Я заметил, что это вызвало еще больший интерес к странному пассажиру. Тот же, кто держал бумажник, принял их у мальчика и спросил вроде-бы строго, но в то же время как-то вымученно:
-Может у вас и еще какие-нибудь документы есть?
В этом вопросе мне слышалась надежда на то, что сейчас парень достанет из другого кармана справку из дурдома, но тот только отрицательно замотал головой.
-Еще как-нибудь можете доказать свой возраст?

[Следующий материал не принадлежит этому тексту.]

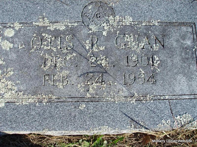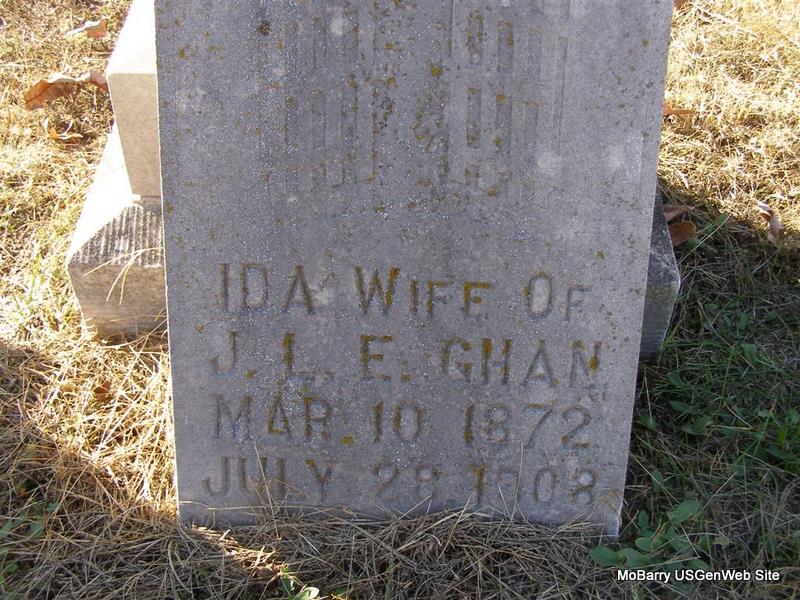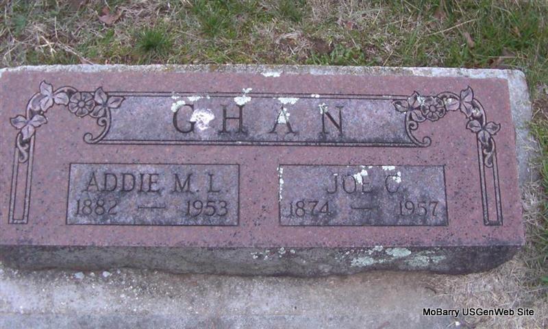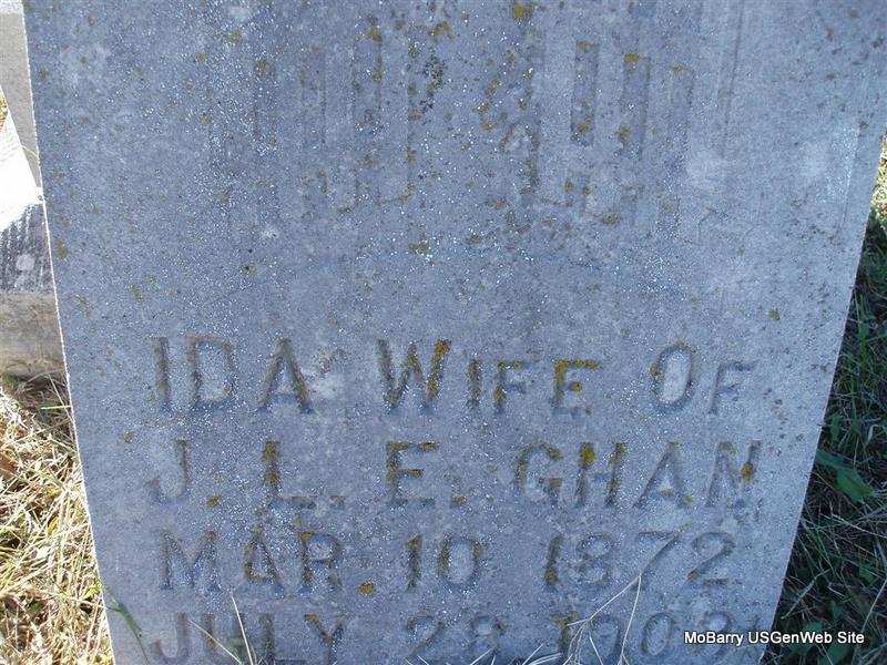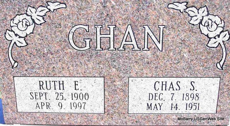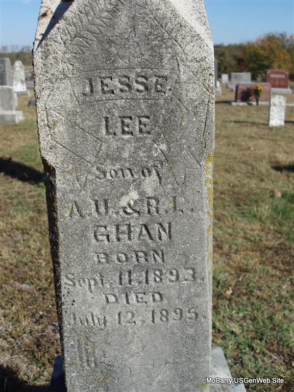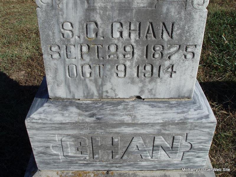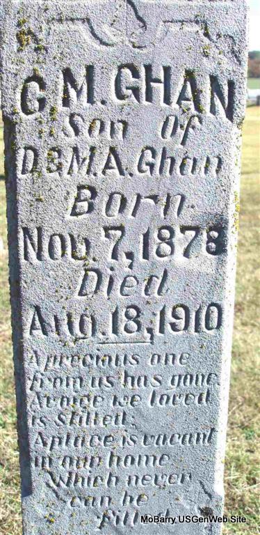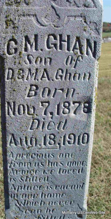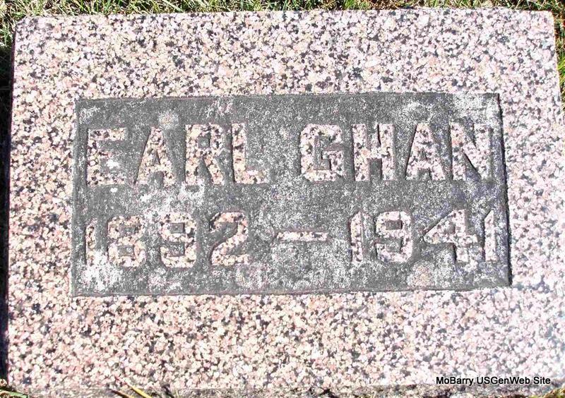| GHAN, Shelly C. | Sept. 29, 1875 | Oct. 9, 1914 | Research Note: Son of Daniel Ghan and Mary Ann Norvell. Shelly C. Ghan, age 24, married Florence Frazier, age 22, on June 3, 1900 in Newton Co., MO. - Cassville Republican, Barry Co., MO, Thursday, June 14, 1900 - Licensed to Wed: Shelby Ghan and Florence Frazier, Grangeville. | Census MO Marriage Records Online Newspapers Phyllis Long Headstone Mary Homesley Photo Jay Trace Photo Ralph and Betty Lamberson |

Мальчик молча, неторопясь начал расстегивать пуговицы своей рубашки, и распахнул ее, показывая татуированную грудь. Сние-зеленой, глубоко вколотой краской там были изображены два горных хребта, соединенный полукругом солнца с расходящимися лучами. К одному хребту подлетал вертолет, на другой сыпались парашюты. Внизу непонятная поначалу вязь складывалась в русские буквы, и слово,,АФГАН,,. Не знаю, кому как, но мне было ясно, что татуировка старая, некоторые линии уже начали расплываться. Увидев ее, бойцы закивали, заморгали друг другу, кто-то присвистнул. Кто-то спросил уже более вежливо и уважительно:
-Но вы признаете, что выглядете скорее на ДВАДЦАТЬ ПЯТЬ лет, чем на сорок пять?
Мальчик спокойно кивнул, застегивая рубашку:
-Согласен.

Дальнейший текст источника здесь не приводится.